The predominance of Apocalypticism over Messianism pushes us to accent exclusivity rather than the strong inclusive character of God’s kingdom. And, if God’s kingdom is exclusive like this, the church must follow the same pattern. We try then to protect ourselves from contamination. We look for God’s Salvation in self-purity detached from others. But by proceeding this way we can forget that the essence of Eschatology is its universality and its inclusive character. Consequently no Church can ever be identical to God’s kingdom. That would be blasphemous. There always will be an unbridgeable surplus in God’s kingdom no church can ever fill. For this reason those I’m ignoring or excluding could be part of the same God’s kingdom I’m pretending to instantiate and defend. This is the dramatic paradox of a narcissistic and isolationist church.

2.  Ecclesiastical Catastrophism

The radicalization of our pre-millenialist eschatological stand, over and against our surrounding secularized more post-millenialist socio-cultural context, pushes us to read other religious entities and surrounding culture almost exclusively in dramatic and negative terms. Nothing good can be expected from others outside. This ecclesiastical pessimism is correlative to the previous ecclesiastical isolationism because represents its very premise. But by proceeding this way we reintroduce the anthropological dualism our theology had overcome in its ecclesiastical and social form. After this, there are parts of humanity that are completely good (Adventism) and other parts (the “world”) that are completely bad. In addition, this attitude pushes us to build up our strengths by diminishing others. Just the opposite of Jesus himself and of his Kingdom.

3. Ecclesiastical Authoritarianism

Our earnest and fervent defense of a programmed and prophetically predictable, rather than a contingent and open future, pushes us to use preferentially direct and efficient means to reach our eschatological goals and accomplish our end-time mission as quickly as possible. We Adventists are already very pragmatic due to our historical genesis in the United States. And, with this additional eschatological dose of order and precision, we very easily have become fascinated by the efficiency and reliability that ecclesiastical paternalism seems to guarantee. The human exceptions or alternatives become deprecated. These are only distractions. What really matters is rapidity, compactness and results. And here unilateral, authoritarian and even dictatorial measures are needed, and even praised, because they accentuate a results-oriented approach to mission.

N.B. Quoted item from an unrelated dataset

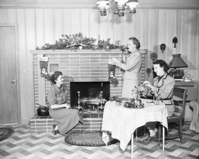 The YWCA-sponsored tour of homes, which will be held December 9 and will be open to the public, will include four homes and a World Fellowship Bazar at one of them. Today's pictures include women who will be hostesses during the tour of the homes. Fireside decorations. Mrs. R. L. McCann, left, takes time out for 'tending the fire as Mmes. S. J. Palmer, center, and Bedford Brown work on Christmas decorations. The home is located at 4129 Ranier Court.
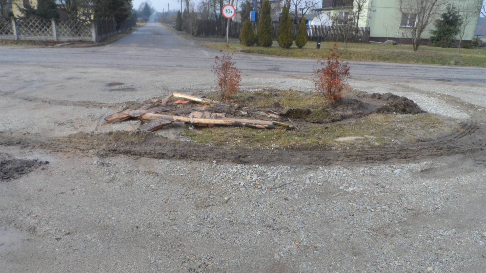 W piątek 19 lutego 2015 roku około 21.30 kierujący pojazdem ciężarowym (ciągnikiem siodłowym z naczepą) podczas manewru zawracania na pętli autobusowej w Dziadowicach - Folwark staranował tablice informacyjną. Owa tablica informacyjna to dębowy ręcznie wykonany witacz. Dzięki czujności naszego mieszkańca oraz szybkiej reakcji udało się ustalić numery rejestracyjne pojazdu. Jeszcze tego samego wieczora zdarzenie zostało zgłoszone na policję.

This ethos certainly underpins the recent General Conference initiative given to the Unity Oversight Committee, which has blossomed into a network of five compliance review committees, each with a different topic to oversee. Compliance Review Committees have been created for 1) General Conference Core Policies; 2) Doctrines, Policies, Statements, and Guidelines for Church Organizations and Institutions Teaching Creation/Origins; 3) Doctrines, Policies, Statements, and Guidelines Regarding Homosexuality; 4) Distinctive Beliefs of the Seventh-day Adventist Church; and 5) Doctrines, Policies, Statements and Guidelines Regarding Issues of Ordination.

We might view the quasi-inquisitorial push through these five surveillance commissions as merely some drastic and ill-considered administrative strategies. In fact they are more than that. They are, unfortunately, the administrative expression of unbalanced and unilateral theological and eschatological formulations, which we seem to be unable to correct and balance, because they “belong” to the very doctrinal heart of Adventism. It would be illusory to try to correct only these administrative strategies without also reformulating our theological presuppositions and convictions. Between beliefs and practices, there is much more dependence, reciprocity and conditioning than we usually think.

 

Hanz Gutierrez is a Peruvian theologian, philosopher, and physician. Currently, he is Chair of the Systematic Theology Department at the Italian Adventist Theological Faculty of “Villa Aurora” and director of the CECSUR (Cultural Center for Human and Religious Sciences) in Florence, Italy.